The tree was actually cut down in September of last year, and sat through winter without the ends being sealed. It was milled in March. Currently our weather has been 90+ degrees and 50+% humidity(Nebraska is super hot).
Curious how long you would let it sit.


----------



## woodtickgreg (Jun 30, 2019)

I still go with the year per inch. A log once cut will loose very little moisture when it is whole, so that counts as nothing as far as time goes in my opinion. Once it is milled it will start to release its moisture. It might dry quicker in your area but the only way to know how dry it is for sure is to cut a board in the middle and stick a moisture meter in the end grain. I wouldn't want to waste a board to do that. So I just give it time, a year per inch. The longer you can leave it stickered and stacked the better. Thick wide slabs take time. If you use it to soon your projects may fail or come apart due to wood movement and shrinkage. This is all jmo of course. But I have air dried much hardwood lumber and ash. If you want it sooner get it kiln dried.

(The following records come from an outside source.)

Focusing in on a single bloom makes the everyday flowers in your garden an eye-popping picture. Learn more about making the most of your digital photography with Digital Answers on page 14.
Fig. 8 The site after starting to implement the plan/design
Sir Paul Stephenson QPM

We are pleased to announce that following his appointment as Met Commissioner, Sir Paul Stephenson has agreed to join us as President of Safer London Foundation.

Reactions: Like 3 | Agree 1


----------



## Sprung (Jun 30, 2019)

I agree with Greg. One year per inch is a rough rule of thumb - some woods will dry faster, some slower - but giving it a year per inch is a good way to go. A little longer never hurts.

Reactions: Agree 2


----------



## Mike1950 (Jul 1, 2019)

Your 90 with 50% humidity gets trumped by my 85 with 24% . Looks like our desert air is back. Taking water out of wood is not all about heat. You have to give it a reason to escape and dry air is it. Greg is 100% right, it makes no difference how long log sat and that ends were not sealed. Your sawyer either does not know or is just telling you what you want to hear. If you want it dry by winter, air dry till oct and put in kiln for a month.

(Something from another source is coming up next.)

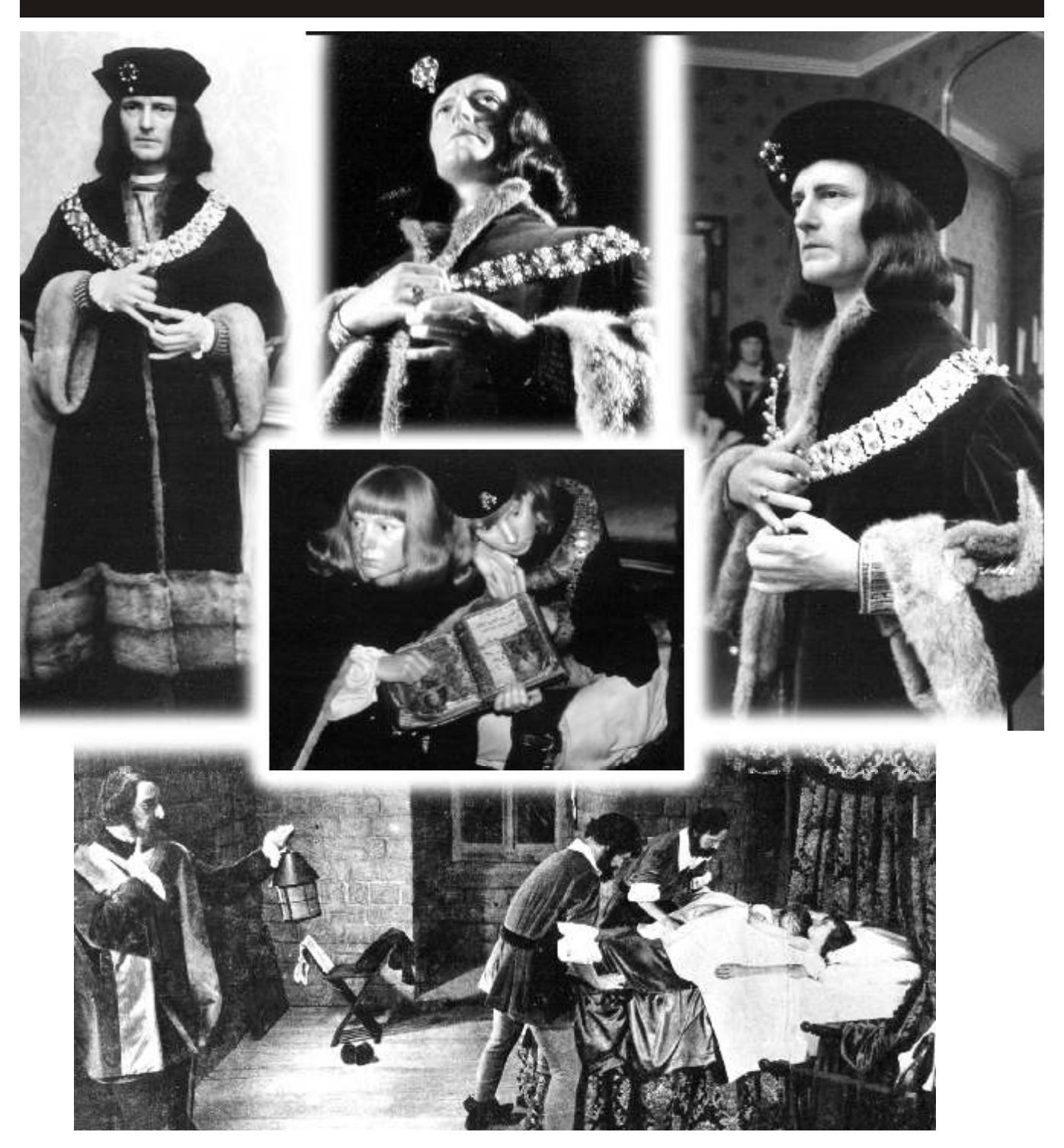
The Easy-Melting King

Reactions: Like 1 | Informative 1


----------



## sprucegum (Jul 4, 2019)

You really need to check it with a meter. One year per inch may work out but drying conditions vary widely depending on temperature and humidity. If I am in a hurry I take a light planer cut on both sides after 6 months or so, I feel this speeds up things a little.

Reactions: Useful 1


----------